As shown in FIGS. 1A, 2B, and 2C, the first pad area 501 is disposed on the island 203 of the second patterned conductive layer 20 above the second surface 1002 of the substrate 100, and the second pad area 502, The third pad area 503 and the fourth pad area 504 are respectively disposed on the extension portions 202 of the three adjacent second conductive lines 201 of the second patterned conductive layer 20 above the second surface 1002 of the substrate 100.

1A and 2D, in one embodiment, the light-emitting display device 1 further includes a first patterned electrically insulating layer 40, which is disposed above the second patterned conductive layer 20, and has a plurality of first electrically insulating blocks 401, so that a part of the third wire 301 is located on the first electrically insulating block 401 and is electrically isolated from the second wire 201 and arranged in layers, thereby increasing the second wire 201 in the second patterned conductive layer 20 The configuration space in and the overlapping of the wiring space of the third wire 301 and the wiring space of the first wire 101 to weaken the visibility of the third wire 301 in the display screen.

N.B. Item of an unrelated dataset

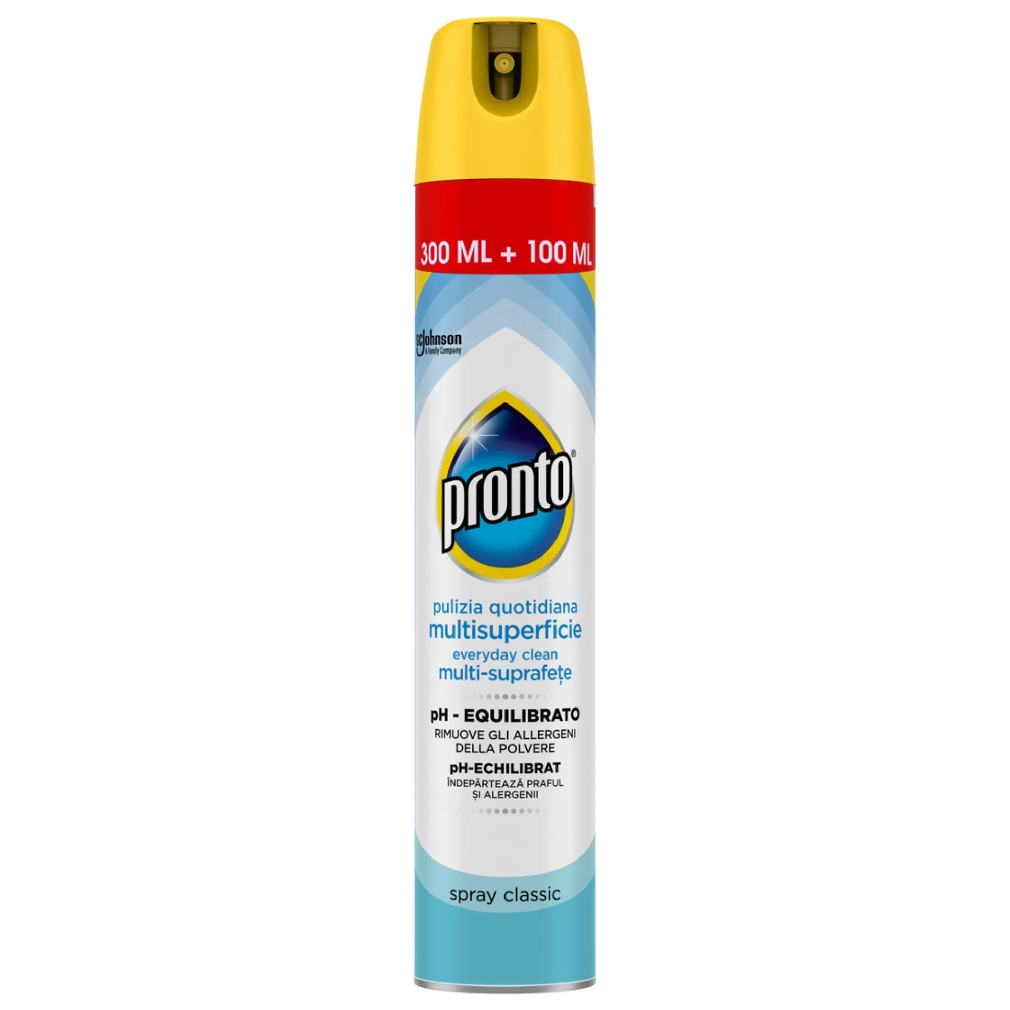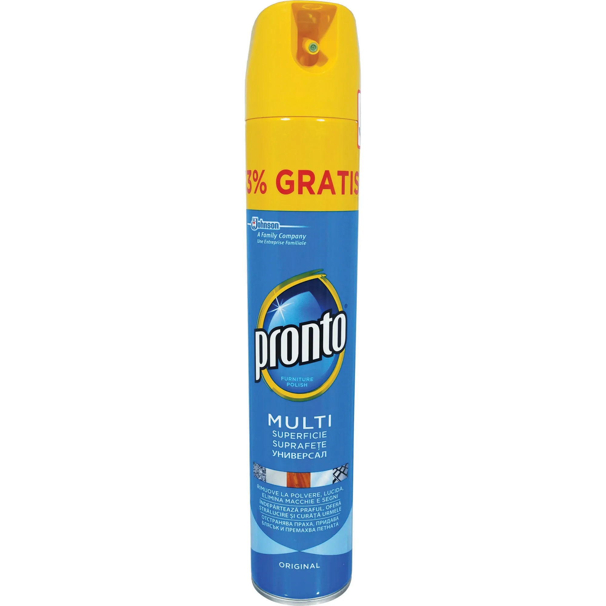 Несколько поверхностей и только один чистящий раствор: спрей для нескольких поверхностей Pronto! Подходит для дерева, стекла, металла, камня и электронных изделий. Удаляет пыль и придает блеск. Чистота и приятный запах в офисе и дома с многофункциональным спреем Pronto! Спрей для очистки и полировки нескольких поверхностей от пыли
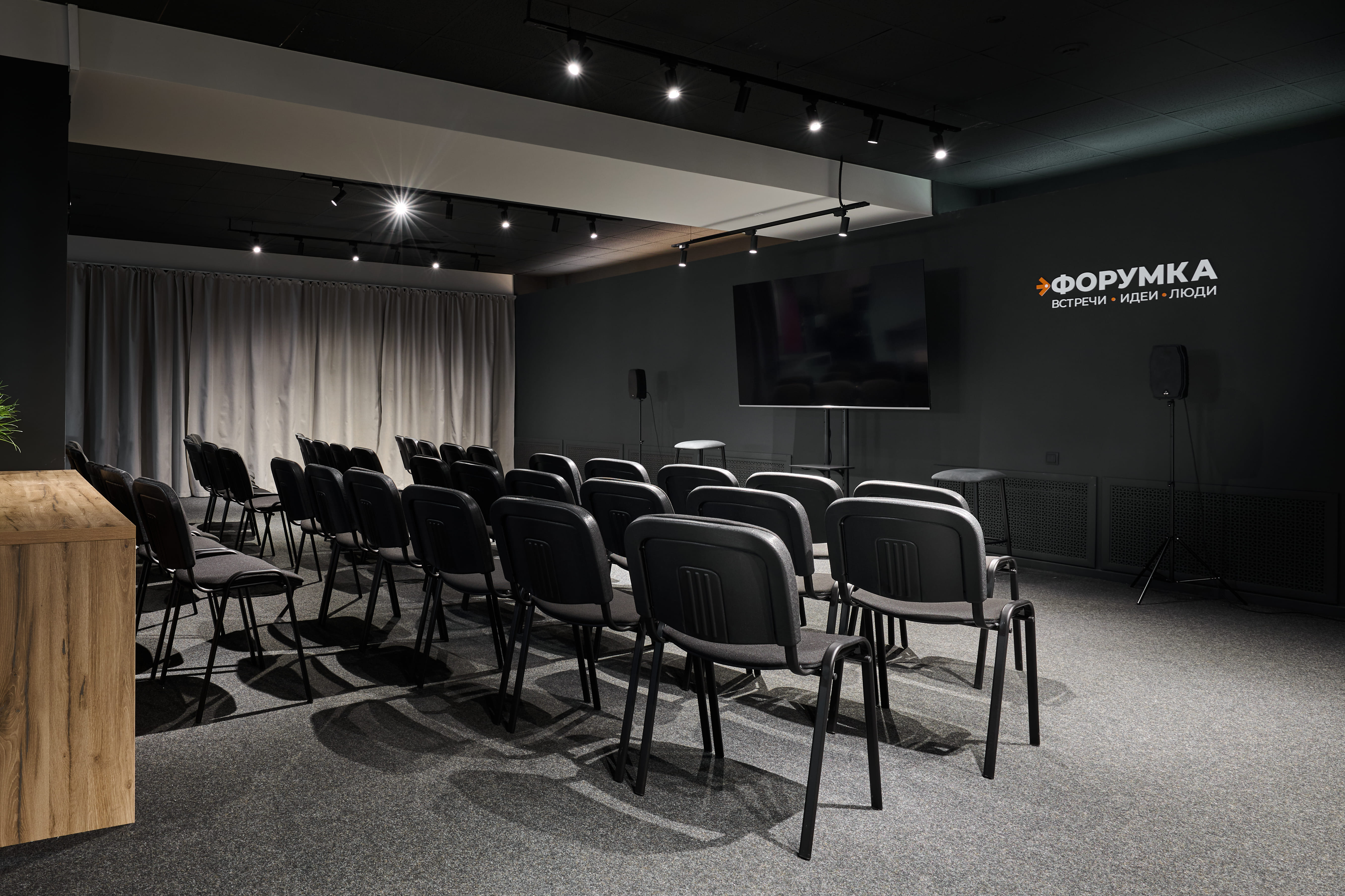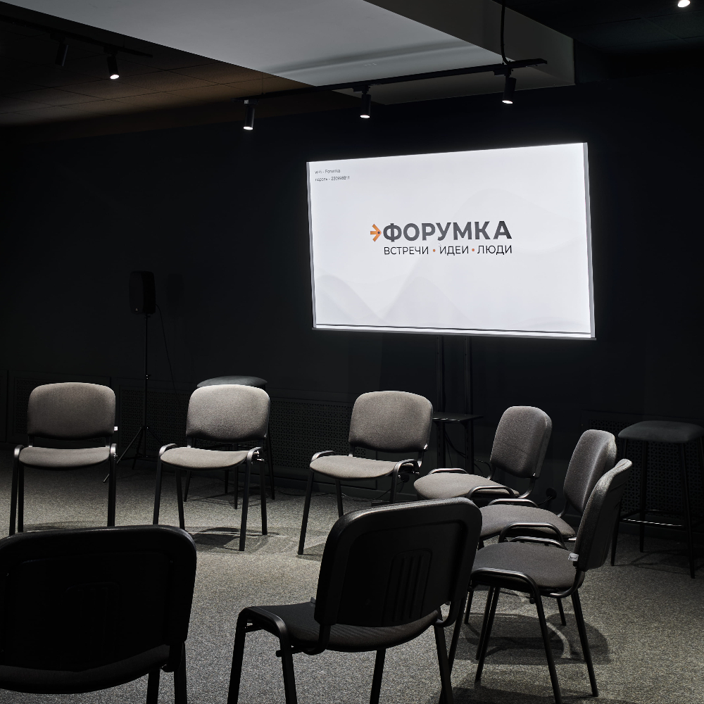 Площадка полностью оборудована: стулья на 50 персон, барные стулья для спикеров,

Please continue to refer to FIG. 1A. In one embodiment, the light-emitting display device 1 further has a second patterned electrically insulating layer 60, and has a plurality of second electrically insulating regions 601. These second electrically insulating regions 601 are divided into Do not arrange on the second surface 1002 of the substrate 100 along the first arrangement direction of the pad areas 501, 502, 503, 504, such as the horizontal direction, to isolate the pad areas 501, 502, 503, 504 from the pad area 501 , 502, 503, 504 in the second arrangement direction, for example, electrical contact in the vertical direction. In another embodiment, the light-emitting display device 1 further has a third patterned electrically insulating layer 70, and has a plurality of third electrically insulating regions 701, and the third electrically insulating regions 701 are respectively along the pad region 501 The second arrangement direction of, 502, 503, 504 is arranged above the second wire 201 connected to the third pad area 503 for example in the vertical direction to isolate the pad areas 501, 502, 503, 504 in the first arrangement direction, for example Electrical contact in the horizontal direction. In other embodiments, the third patterned electrically insulating layer 70 can also be formed in the same process as the second patterned electrically insulating layer 60, so that the third electrically insulating block 701 is disposed in the area connected to the third pad The second wire 201 of 503 is disposed on the second surface 1002 of the substrate 100 below the second wire 201. The above-mentioned second arrangement direction and the first arrangement direction cross each other, for example, are perpendicular to each other. In the embodiment, the first arrangement direction is, for example, parallel to the arrangement direction of the second wire 201 (the horizontal direction shown in FIG. 1A ), and the second arrangement direction is, for example, perpendicular to the arrangement direction of the second wire 201.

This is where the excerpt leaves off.